Material shown »
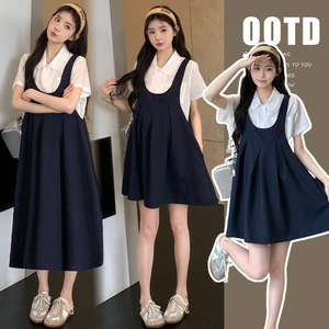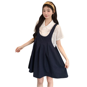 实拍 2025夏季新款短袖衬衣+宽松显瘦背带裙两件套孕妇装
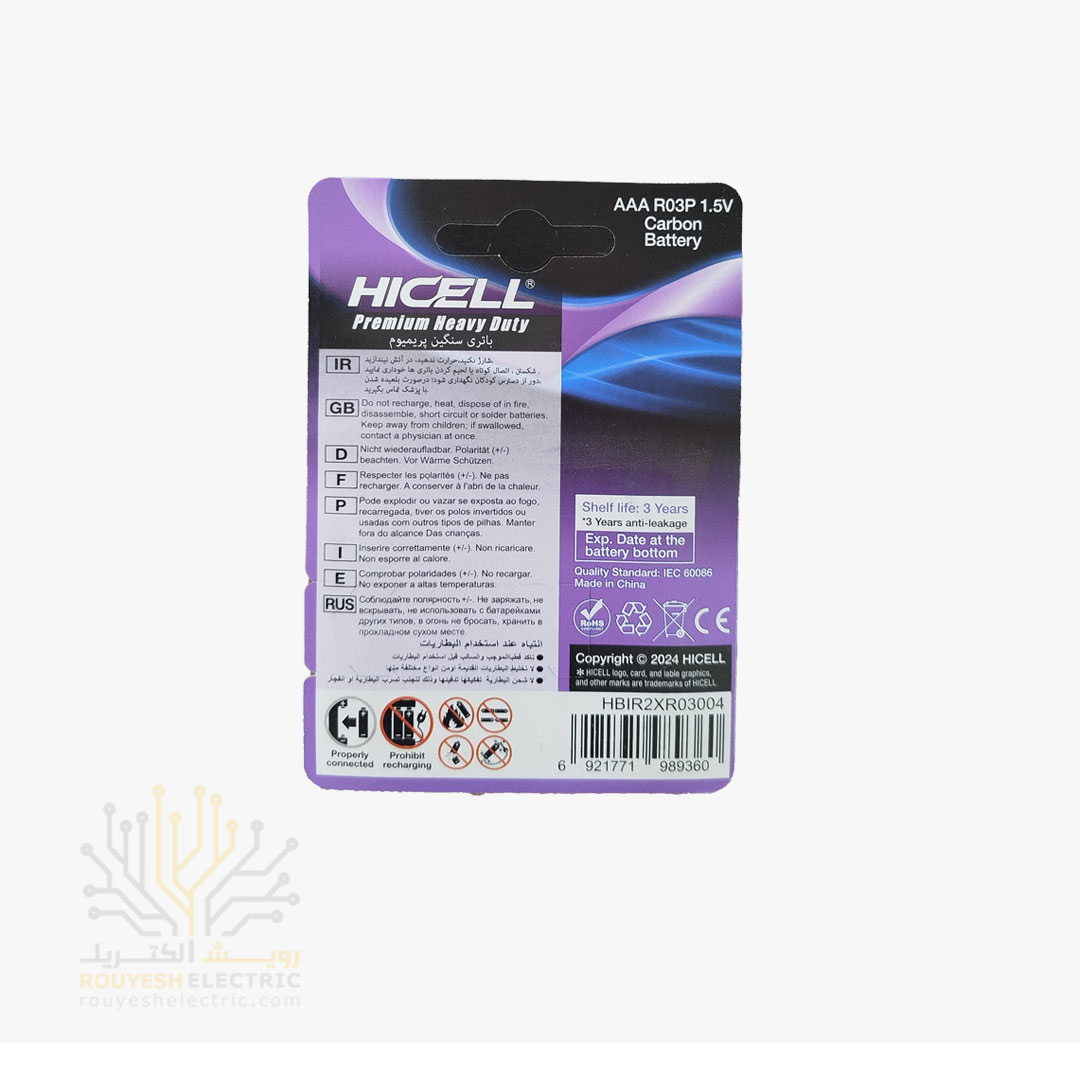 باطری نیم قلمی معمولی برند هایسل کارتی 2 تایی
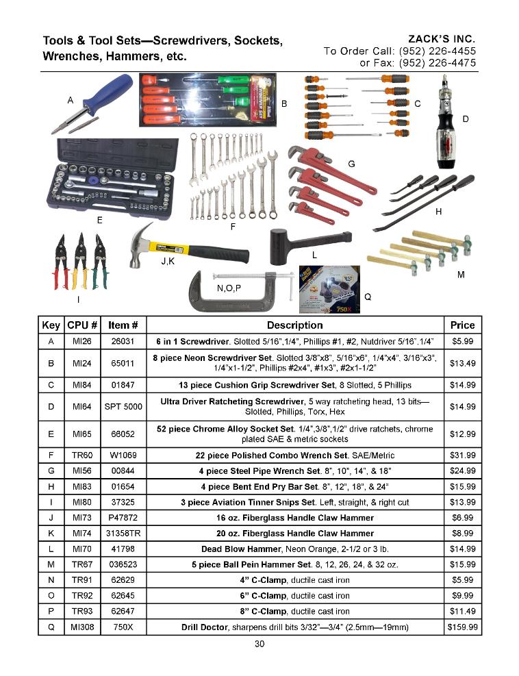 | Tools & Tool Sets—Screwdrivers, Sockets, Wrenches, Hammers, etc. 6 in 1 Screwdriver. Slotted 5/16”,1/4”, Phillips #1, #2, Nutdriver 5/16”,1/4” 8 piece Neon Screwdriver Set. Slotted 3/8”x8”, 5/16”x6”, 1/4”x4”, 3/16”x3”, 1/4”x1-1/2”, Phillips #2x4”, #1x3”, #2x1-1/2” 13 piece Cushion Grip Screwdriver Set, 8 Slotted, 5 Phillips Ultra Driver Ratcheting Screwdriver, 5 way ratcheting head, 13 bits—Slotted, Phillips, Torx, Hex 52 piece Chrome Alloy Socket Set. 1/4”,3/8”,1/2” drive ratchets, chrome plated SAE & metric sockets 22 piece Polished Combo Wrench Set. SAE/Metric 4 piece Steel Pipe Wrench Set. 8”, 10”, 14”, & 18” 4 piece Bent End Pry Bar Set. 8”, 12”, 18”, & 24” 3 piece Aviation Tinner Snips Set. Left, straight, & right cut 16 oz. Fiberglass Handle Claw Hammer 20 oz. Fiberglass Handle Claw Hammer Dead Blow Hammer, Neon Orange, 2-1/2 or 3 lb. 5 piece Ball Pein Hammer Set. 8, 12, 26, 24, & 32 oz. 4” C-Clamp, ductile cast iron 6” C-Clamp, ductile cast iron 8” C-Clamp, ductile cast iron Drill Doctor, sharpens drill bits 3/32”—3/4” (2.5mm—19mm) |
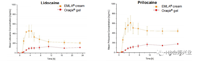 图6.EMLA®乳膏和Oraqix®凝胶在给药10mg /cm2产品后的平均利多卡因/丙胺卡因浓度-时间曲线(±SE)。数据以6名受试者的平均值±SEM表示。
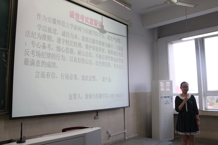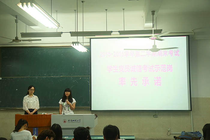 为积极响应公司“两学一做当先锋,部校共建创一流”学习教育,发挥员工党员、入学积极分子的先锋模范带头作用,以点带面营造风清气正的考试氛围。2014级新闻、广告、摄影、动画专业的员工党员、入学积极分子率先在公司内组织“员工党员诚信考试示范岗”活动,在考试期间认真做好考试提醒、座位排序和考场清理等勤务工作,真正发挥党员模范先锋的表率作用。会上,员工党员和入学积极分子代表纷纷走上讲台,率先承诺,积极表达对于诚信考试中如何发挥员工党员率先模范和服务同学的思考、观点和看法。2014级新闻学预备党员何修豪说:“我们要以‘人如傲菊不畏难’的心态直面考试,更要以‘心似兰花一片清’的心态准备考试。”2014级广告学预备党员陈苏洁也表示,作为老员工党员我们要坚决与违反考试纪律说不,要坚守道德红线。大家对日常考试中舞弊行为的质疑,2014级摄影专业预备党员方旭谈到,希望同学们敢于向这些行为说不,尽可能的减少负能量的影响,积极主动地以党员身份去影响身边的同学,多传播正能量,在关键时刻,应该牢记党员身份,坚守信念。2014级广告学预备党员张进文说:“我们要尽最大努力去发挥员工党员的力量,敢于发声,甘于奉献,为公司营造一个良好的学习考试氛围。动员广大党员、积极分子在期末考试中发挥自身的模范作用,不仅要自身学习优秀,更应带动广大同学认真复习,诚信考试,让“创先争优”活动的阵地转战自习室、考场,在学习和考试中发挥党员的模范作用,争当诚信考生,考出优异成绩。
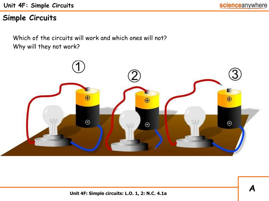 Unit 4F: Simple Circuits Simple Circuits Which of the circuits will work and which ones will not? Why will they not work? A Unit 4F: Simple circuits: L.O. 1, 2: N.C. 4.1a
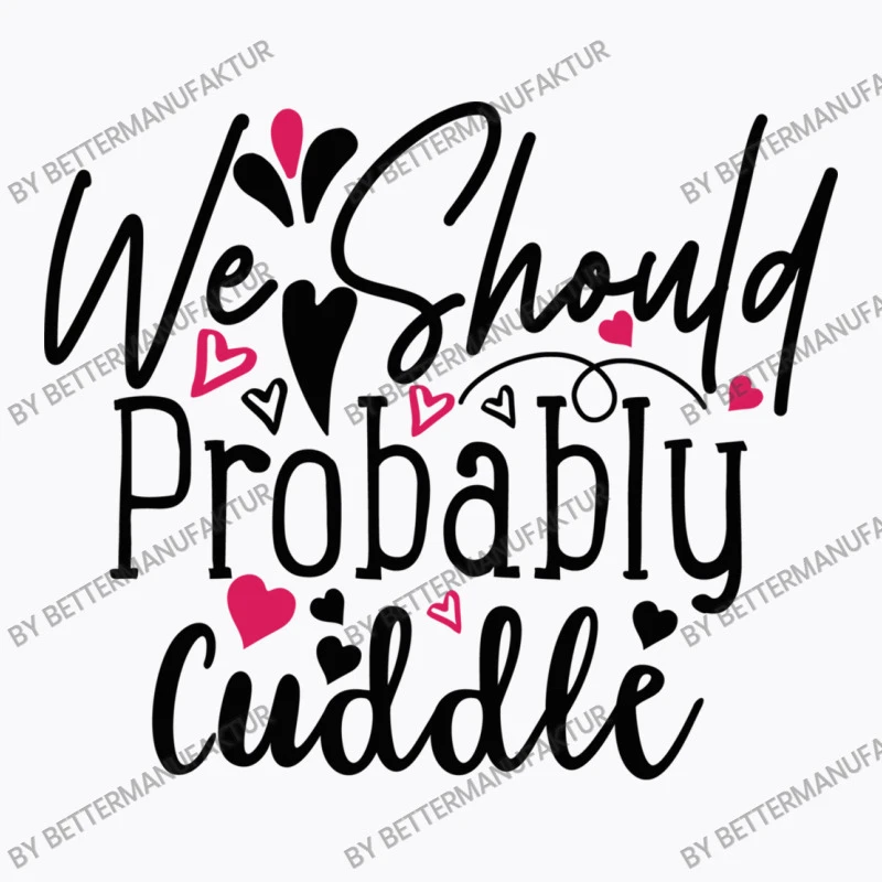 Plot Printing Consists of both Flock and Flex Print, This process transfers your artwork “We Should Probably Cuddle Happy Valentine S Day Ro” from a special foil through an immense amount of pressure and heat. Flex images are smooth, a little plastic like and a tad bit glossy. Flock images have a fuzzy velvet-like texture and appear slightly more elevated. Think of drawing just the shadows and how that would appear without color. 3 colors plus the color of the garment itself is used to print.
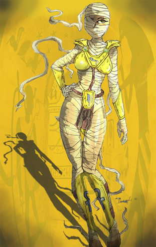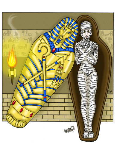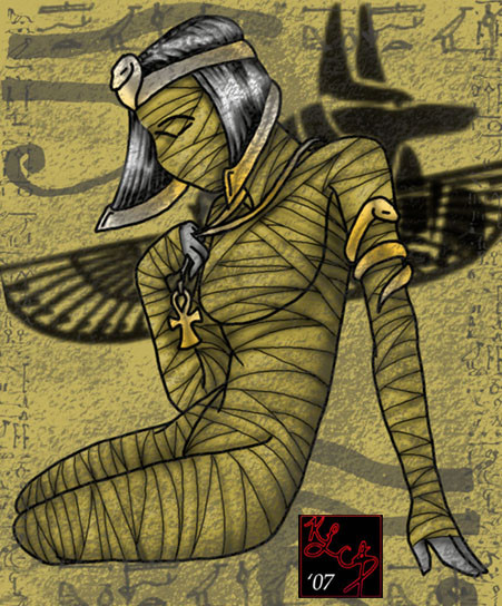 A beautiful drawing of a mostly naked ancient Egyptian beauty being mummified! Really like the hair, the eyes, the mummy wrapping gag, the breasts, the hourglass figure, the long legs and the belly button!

---

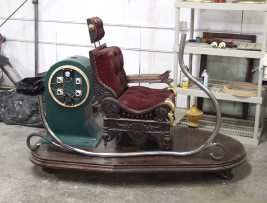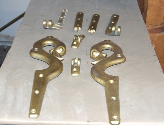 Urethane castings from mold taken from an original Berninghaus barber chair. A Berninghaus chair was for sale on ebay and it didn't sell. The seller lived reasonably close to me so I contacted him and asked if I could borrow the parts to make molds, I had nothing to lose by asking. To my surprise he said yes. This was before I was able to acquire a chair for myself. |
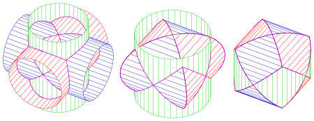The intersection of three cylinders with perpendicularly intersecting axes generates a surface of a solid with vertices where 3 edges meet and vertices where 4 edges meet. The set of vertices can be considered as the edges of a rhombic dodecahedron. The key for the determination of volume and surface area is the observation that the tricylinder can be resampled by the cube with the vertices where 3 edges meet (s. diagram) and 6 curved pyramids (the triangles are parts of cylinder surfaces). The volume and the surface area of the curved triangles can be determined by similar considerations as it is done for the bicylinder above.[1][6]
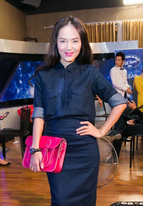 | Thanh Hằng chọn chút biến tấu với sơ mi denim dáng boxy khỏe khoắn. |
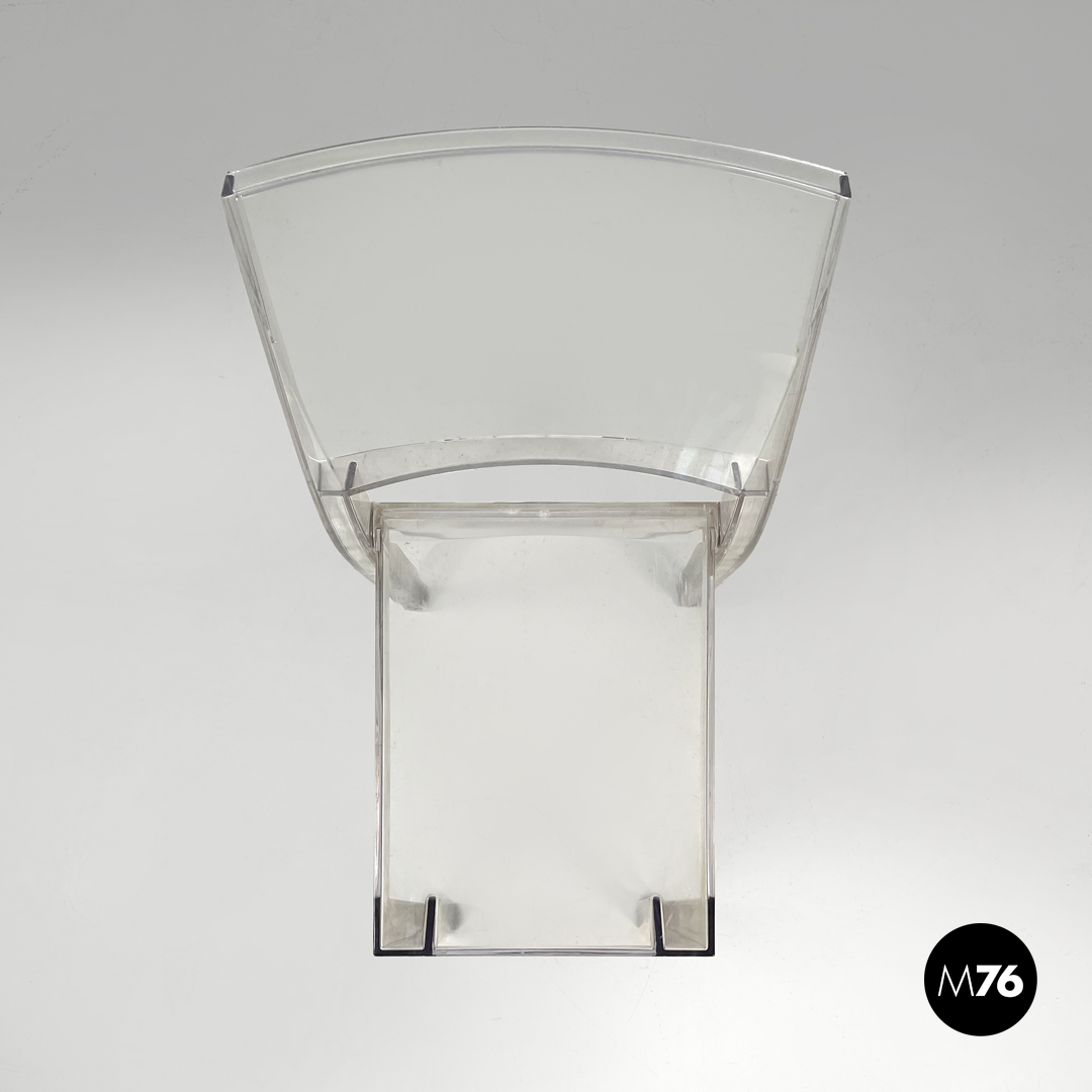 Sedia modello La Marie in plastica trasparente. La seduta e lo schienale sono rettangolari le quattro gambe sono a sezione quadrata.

...

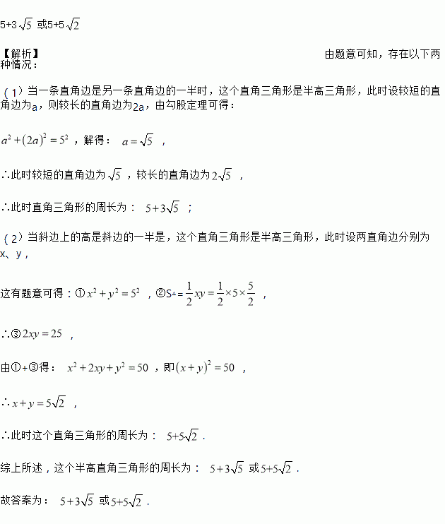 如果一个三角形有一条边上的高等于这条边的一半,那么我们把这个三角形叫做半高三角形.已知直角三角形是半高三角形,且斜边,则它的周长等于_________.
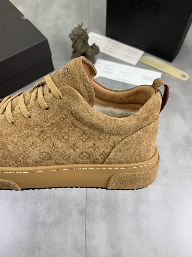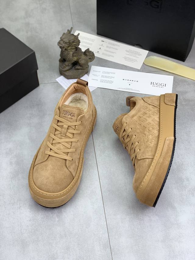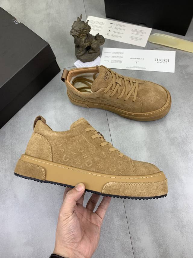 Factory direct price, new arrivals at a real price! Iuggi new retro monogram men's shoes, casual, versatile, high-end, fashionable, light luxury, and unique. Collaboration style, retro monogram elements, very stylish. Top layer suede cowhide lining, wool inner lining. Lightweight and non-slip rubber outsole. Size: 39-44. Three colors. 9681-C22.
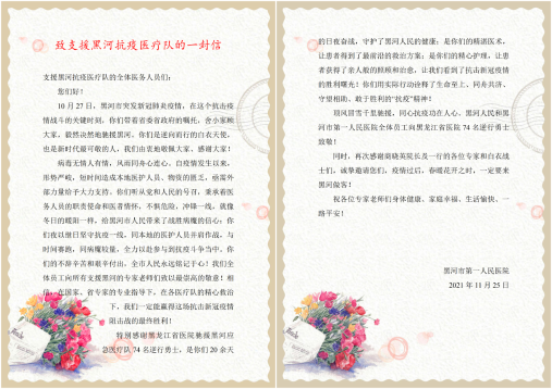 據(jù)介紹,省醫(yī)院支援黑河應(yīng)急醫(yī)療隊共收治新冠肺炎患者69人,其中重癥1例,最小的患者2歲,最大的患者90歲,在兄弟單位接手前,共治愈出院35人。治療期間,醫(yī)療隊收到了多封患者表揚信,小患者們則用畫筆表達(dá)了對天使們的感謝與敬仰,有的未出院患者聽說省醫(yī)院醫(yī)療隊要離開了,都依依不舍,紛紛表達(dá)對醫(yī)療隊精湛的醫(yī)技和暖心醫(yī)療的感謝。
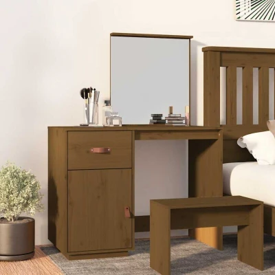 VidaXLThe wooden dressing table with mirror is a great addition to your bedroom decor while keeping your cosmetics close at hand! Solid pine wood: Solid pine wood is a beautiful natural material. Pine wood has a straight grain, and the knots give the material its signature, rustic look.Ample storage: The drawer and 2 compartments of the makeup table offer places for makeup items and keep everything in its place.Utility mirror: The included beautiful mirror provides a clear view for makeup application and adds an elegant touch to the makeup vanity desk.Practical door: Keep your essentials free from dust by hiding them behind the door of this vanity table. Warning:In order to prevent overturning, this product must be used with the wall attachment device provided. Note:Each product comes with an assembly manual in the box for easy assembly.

Problem to work on » An exact copy is needed. It runs from the line above containing "实拍 2025夏季新款短袖衬衣+宽松显瘦背带裙两件套孕妇装" down to the line containing "باطری نیم قلمی", both included, with no pictures.

Exercise result »
 实拍 2025夏季新款短袖衬衣+宽松显瘦背带裙两件套孕妇装
 باطری نیم قلمی معمولی برند هایسل کارتی 2 تایی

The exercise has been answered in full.